**Instructions for the task**: Given the records below, the lines starting at the line with "Wrapping paper with" and ending at the line with "Pink Blue And" should be output exactly, both end lines kept and pictures left out.

**Exercise inputs**:
• • • • •

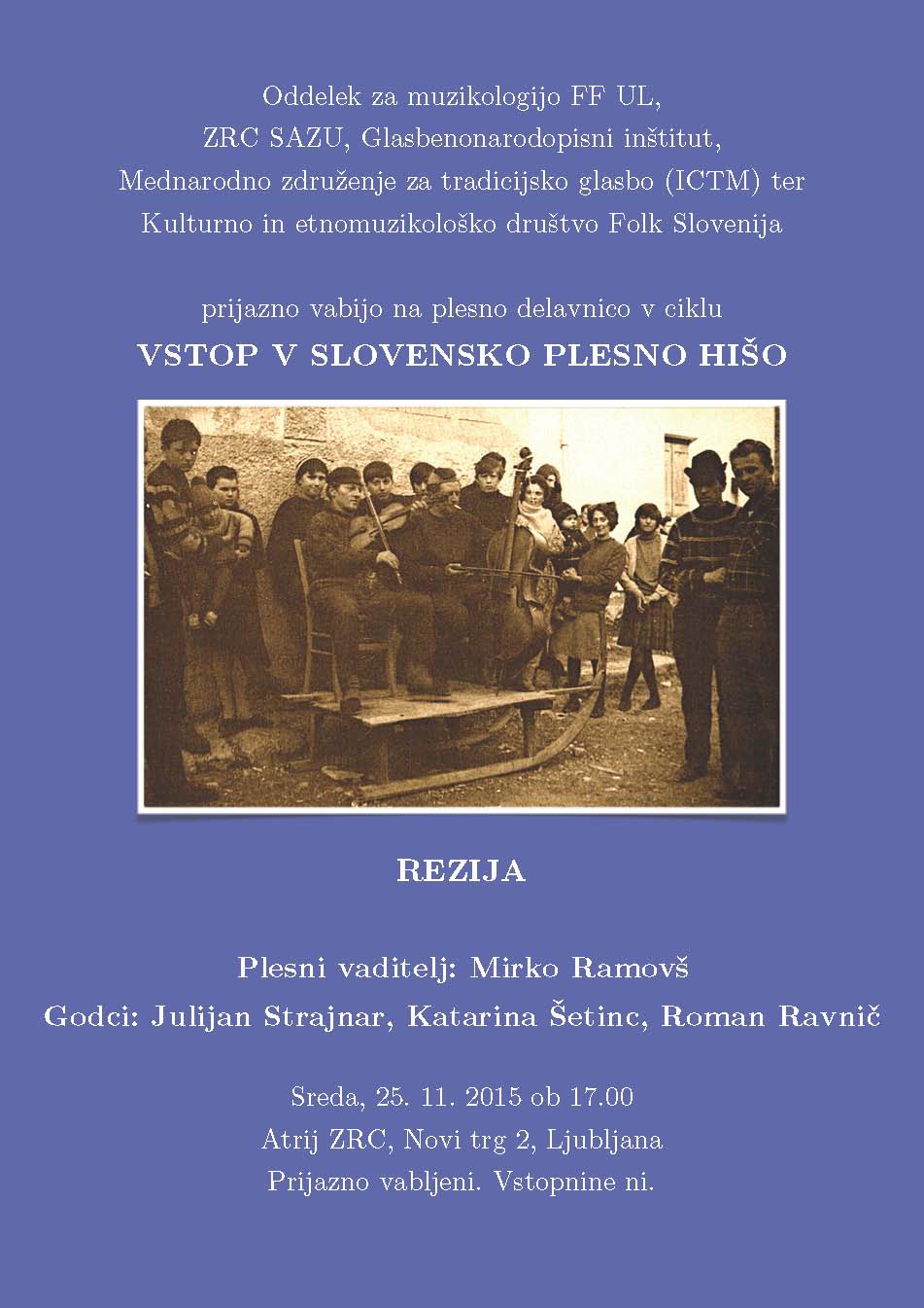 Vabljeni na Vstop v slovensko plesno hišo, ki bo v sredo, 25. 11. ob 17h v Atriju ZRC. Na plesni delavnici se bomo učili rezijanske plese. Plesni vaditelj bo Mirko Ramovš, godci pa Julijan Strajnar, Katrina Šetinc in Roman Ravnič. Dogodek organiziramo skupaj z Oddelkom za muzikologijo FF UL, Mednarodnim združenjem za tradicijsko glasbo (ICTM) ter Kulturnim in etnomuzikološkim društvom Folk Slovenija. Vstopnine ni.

• • • • •

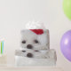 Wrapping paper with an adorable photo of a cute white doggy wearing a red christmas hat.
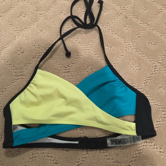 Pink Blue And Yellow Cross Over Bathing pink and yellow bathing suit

• • • • •

**Answer for the task**:
 Wrapping paper with an adorable photo of a cute white doggy wearing a red christmas hat.
 Pink Blue And Yellow Cross Over Bathing pink and yellow bathing suit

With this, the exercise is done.